JP2010194504A - System for treating exhaust gas by electron beam irradiation - Google Patents

Abstract

<P>PROBLEM TO BE SOLVED: To provide an apparatus for efficiently decomposing NO<SB>x</SB>contained in exhaust gas at a low cost. <P>SOLUTION: The apparatus for treating exhaust gas comprising NO<SB>x</SB>is characterized in that a feed pipe for feeding exhaust comprising NO<SB>x</SB>is connected to the inlet of a container including an inlet and an outlet and storing an adsorbent of NO<SB>x</SB>, and an electron beam device and a nitrogen gas feeder are connected to each other via a switching valve in the middle of the feed pipe. <P>COPYRIGHT: (C)2010,JPO&INPIT

Description

  The present invention relates to a system for decomposing NOx by irradiating exhaust gas containing NOx with an electron beam.

  Conventionally, as a method for treating exhaust gas containing NOx, NOx-containing gas is caused to flow through an adsorbent to adsorb NOx, and after replacing the atmospheric gas with nitrogen gas, heating is performed to release NOx, and this gas is discharged.

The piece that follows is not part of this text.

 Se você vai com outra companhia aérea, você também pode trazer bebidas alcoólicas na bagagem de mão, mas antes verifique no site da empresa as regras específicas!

NOx is reduced by the above method (Patent Document 1), after NOx is adsorbed on the adsorbent, the atmosphere gas is replaced with nitrogen gas having an oxygen concentration of 10 vol% or less and a purity of 90 vol% or more, and then the adsorbent is not heated A method (Patent Document 2) in which plasma is applied to desorb NOx and regenerate the adsorbent is known.

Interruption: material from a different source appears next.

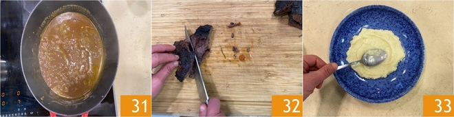 Déjala reducir al fuego durante al menos 30 minutos, hasta que se vuelva espesa y aterciopelada 31. Antes de servir, corta la carne en trozos 32 y coloca el puré en el plato 33.

  Further, in the method of removing nitrogen oxides and / or sulfur oxides in exhaust gas by adding ammonia to the exhaust gas and irradiating the electron beam, the position of ammonia addition is determined at the center of the electron beam irradiated into the reactor. A method (Patent Document 3) is also known in which the range of the electron beam is within 2.5 times the upstream side of the exhaust gas.

Further, as shown in FIG. 3, the engine exhaust is introduced into the adsorption tower A to adsorb NOx and the like, and then heated and introduced with nitrogen gas having oxygen of 10 vol% or less and purity of 90 vol% or more. A method is also known in which NOx is desorbed and nitrogen gas containing the desorbed NOx or the like is plasma treated to reduce NOx to N ₂ (Patent Document 4).

JP 2001-300409 A International Publication No. 2005 / 037412A1 Pamphlet JP-A-8-108037 JP 2007-321678 A

  The low-temperature plasma methods described in Patent Documents 1 and 2 have a problem in that the processing efficiency is poor, and in an ordinary exhaust gas containing about 10 vol% oxygen, an oxidation reaction proceeds rather than reduction, and reductive decomposition does not occur.

The electron beam processing method described in Patent Document 3 requires addition of ammonia because ammonia is added to produce and remove ammonium nitrate.
The method described in Patent Document 4 is a system for continuously processing NOx using the method described in Patent Document 2 as shown in FIG. 3, but the system is complicated and there is a problem in processing efficiency, and 10 vol. In ordinary exhaust gas containing about 1% of oxygen, there was a problem that the oxidation reaction progressed rather than reduction and the reductive decomposition did not occur.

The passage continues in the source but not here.